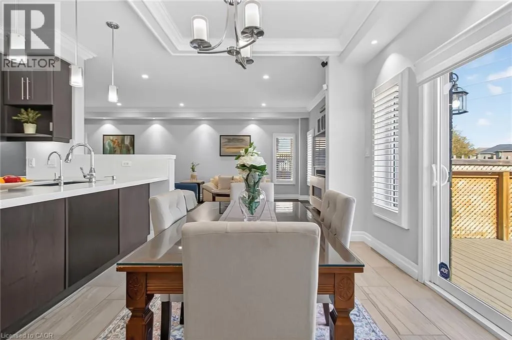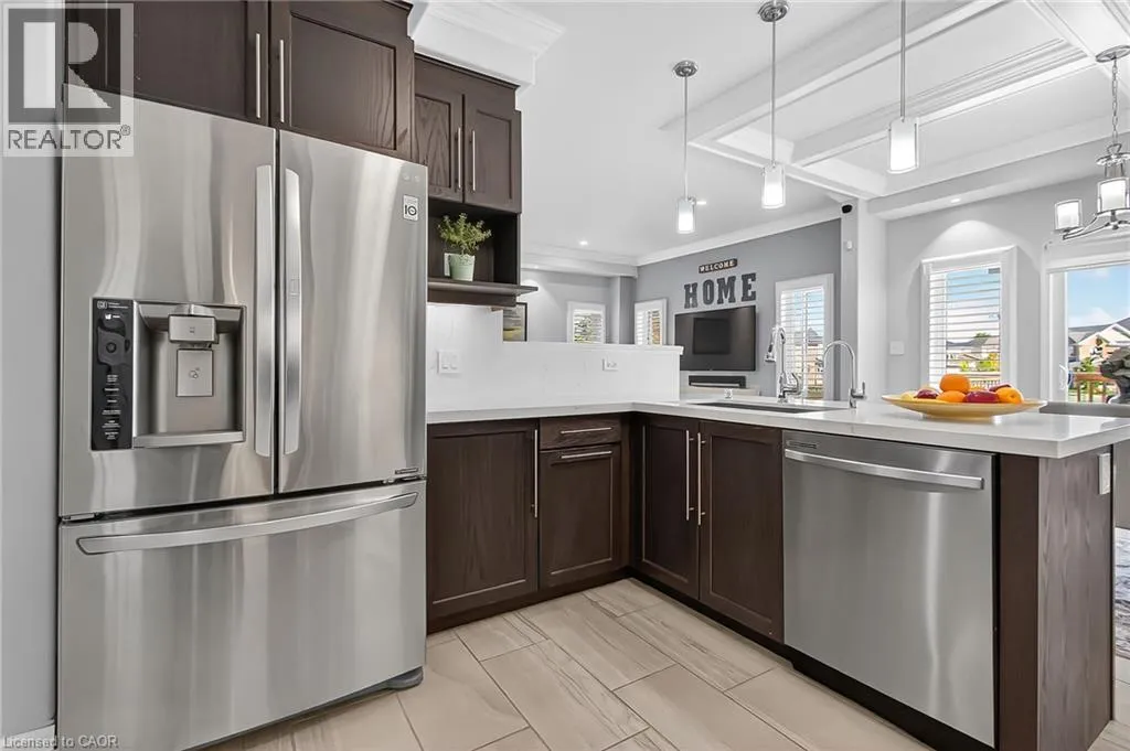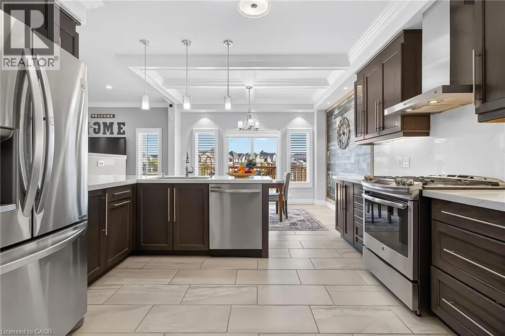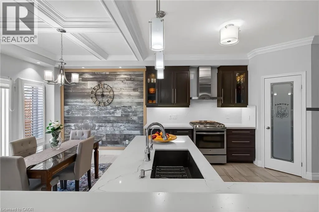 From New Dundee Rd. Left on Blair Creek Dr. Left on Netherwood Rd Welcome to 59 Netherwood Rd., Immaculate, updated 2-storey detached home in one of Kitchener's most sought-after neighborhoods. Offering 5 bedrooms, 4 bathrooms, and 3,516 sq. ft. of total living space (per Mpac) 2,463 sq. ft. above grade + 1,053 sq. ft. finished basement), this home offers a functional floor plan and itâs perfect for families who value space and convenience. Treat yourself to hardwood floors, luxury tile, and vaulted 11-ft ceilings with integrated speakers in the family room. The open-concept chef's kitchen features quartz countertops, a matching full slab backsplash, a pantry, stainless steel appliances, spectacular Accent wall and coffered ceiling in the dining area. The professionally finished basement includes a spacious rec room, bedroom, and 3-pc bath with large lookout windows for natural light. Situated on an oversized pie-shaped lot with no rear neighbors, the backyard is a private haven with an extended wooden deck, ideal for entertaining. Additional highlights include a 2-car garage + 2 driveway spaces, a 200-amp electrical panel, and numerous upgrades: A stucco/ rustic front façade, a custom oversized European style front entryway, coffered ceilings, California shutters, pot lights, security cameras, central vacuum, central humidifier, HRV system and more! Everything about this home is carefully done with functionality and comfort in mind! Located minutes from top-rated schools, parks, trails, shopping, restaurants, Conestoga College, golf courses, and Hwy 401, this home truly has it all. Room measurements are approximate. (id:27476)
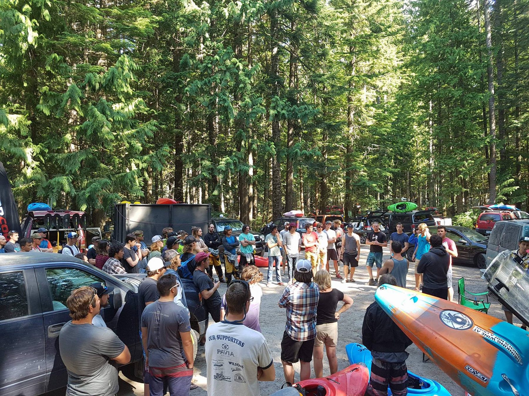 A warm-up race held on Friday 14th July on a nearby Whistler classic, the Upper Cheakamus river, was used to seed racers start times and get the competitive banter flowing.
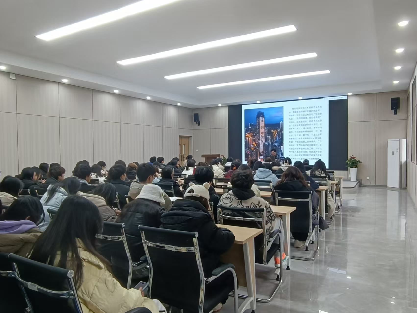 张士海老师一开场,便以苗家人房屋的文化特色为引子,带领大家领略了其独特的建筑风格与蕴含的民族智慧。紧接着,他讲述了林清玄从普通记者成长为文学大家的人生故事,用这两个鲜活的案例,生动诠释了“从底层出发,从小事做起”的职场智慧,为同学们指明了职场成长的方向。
* * * * * * * * *
→ **WHAT THE TASK ASKS**: Repeat the material exactly. Any picture in it should be dropped.

→ **SOLUTION FOR THIS TASK**:
 From New Dundee Rd. Left on Blair Creek Dr. Left on Netherwood Rd Welcome to 59 Netherwood Rd., Immaculate, updated 2-storey detached home in one of Kitchener's most sought-after neighborhoods. Offering 5 bedrooms, 4 bathrooms, and 3,516 sq. ft. of total living space (per Mpac) 2,463 sq. ft. above grade + 1,053 sq. ft. finished basement), this home offers a functional floor plan and itâs perfect for families who value space and convenience. Treat yourself to hardwood floors, luxury tile, and vaulted 11-ft ceilings with integrated speakers in the family room. The open-concept chef's kitchen features quartz countertops, a matching full slab backsplash, a pantry, stainless steel appliances, spectacular Accent wall and coffered ceiling in the dining area. The professionally finished basement includes a spacious rec room, bedroom, and 3-pc bath with large lookout windows for natural light. Situated on an oversized pie-shaped lot with no rear neighbors, the backyard is a private haven with an extended wooden deck, ideal for entertaining. Additional highlights include a 2-car garage + 2 driveway spaces, a 200-amp electrical panel, and numerous upgrades: A stucco/ rustic front façade, a custom oversized European style front entryway, coffered ceilings, California shutters, pot lights, security cameras, central vacuum, central humidifier, HRV system and more! Everything about this home is carefully done with functionality and comfort in mind! Located minutes from top-rated schools, parks, trails, shopping, restaurants, Conestoga College, golf courses, and Hwy 401, this home truly has it all. Room measurements are approximate. (id:27476)
 A warm-up race held on Friday 14th July on a nearby Whistler classic, the Upper Cheakamus river, was used to seed racers start times and get the competitive banter flowing.
 张士海老师一开场,便以苗家人房屋的文化特色为引子,带领大家领略了其独特的建筑风格与蕴含的民族智慧。紧接着,他讲述了林清玄从普通记者成长为文学大家的人生故事,用这两个鲜活的案例,生动诠释了“从底层出发,从小事做起”的职场智慧,为同学们指明了职场成长的方向。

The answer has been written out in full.